The following instructions work for any kernel that can be built using a supported toolchain (i.e. a prebuilt Clang toolchain). There exist repo manifests for all Android common kernel branches, for some upstream branches (e.g. upstream-linux-4.19.y) and several device specific kernels that ensure the correct toolchain is used when building a kernel distribution.

Using the ABI Monitoring tooling

1. Acquire the toolchain, build scripts and kernel sources through repo

Toolchain, build scripts (i.e. these scripts) and kernel sources can be acquired with repo. For detailed documentation, refer to the corresponding documentation on source.android.com.
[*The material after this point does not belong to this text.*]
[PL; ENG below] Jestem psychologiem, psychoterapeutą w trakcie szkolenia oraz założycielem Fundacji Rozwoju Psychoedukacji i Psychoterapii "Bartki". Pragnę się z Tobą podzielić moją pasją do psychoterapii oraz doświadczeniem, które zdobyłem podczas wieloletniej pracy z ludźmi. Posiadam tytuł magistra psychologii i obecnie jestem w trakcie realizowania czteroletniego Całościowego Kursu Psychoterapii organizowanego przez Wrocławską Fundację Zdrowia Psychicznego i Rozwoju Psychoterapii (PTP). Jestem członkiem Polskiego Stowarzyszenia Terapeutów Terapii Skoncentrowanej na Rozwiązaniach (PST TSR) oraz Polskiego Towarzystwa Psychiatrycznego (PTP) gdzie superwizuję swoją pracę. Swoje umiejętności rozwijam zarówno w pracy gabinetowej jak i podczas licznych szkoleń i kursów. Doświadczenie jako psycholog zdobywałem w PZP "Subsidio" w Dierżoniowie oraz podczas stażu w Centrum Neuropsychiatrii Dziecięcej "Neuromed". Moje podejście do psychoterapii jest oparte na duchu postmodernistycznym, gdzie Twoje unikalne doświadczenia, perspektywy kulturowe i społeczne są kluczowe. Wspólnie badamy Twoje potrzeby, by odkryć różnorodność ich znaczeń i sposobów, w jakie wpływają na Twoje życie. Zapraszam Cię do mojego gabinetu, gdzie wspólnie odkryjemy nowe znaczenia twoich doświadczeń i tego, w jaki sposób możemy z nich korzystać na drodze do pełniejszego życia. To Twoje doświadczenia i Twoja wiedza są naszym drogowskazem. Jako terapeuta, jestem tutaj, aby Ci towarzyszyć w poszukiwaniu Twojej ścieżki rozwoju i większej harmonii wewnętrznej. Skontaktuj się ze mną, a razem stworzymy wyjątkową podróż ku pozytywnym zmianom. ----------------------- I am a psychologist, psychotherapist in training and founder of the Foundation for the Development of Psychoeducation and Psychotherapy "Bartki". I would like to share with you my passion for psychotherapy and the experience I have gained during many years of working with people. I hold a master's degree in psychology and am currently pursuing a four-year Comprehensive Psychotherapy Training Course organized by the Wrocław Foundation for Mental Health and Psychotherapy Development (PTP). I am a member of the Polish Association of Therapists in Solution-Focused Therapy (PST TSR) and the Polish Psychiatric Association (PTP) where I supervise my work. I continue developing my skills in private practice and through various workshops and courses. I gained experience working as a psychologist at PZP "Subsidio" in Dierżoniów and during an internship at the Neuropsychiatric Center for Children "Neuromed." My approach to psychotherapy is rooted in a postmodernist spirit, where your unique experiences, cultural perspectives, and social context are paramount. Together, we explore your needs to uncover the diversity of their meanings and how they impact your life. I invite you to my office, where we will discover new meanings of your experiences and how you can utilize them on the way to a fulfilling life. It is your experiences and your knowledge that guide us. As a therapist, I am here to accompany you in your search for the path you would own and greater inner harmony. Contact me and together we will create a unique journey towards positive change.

To illustrate the process, the following steps use common-android-mainline, an Android kernel branch that is kept up-to-date with the upstream Linux releases. In order to obtain this branch via repo, execute

  $ repo init -u https://android.googlesource.com/kernel/manifest -b common-android-mainline
  $ repo sync

2. Provide any prerequisites

NOTE: Googlers might want to follow the steps in go/kernel-abi-monitoring to use a prebuilt libabigail distribution.

The ABI tooling makes use of libabigail, a library and collection of tools to analyze binaries. In order to use the tooling, users are required to provide a functional libabigail installation. The released version of your Linux distribution might not be a supported one; hence, it is recommended way to use the bootstrap script which can be found in this directory. The bootstrap script automates the process of acquiring and building a valid libabigail distribution and needs to be executed without any arguments like so:

  $ build/abi/bootstrap

The script will ensure the following system prerequisites are installed along with their dependencies:

  • autoconf
  • libtool
  • libxml2-dev
  • pkg-config
  • python3

NOTE: At the moment, only apt based package managers are supported, but bootstrap provides some hints to help users that have other package managers.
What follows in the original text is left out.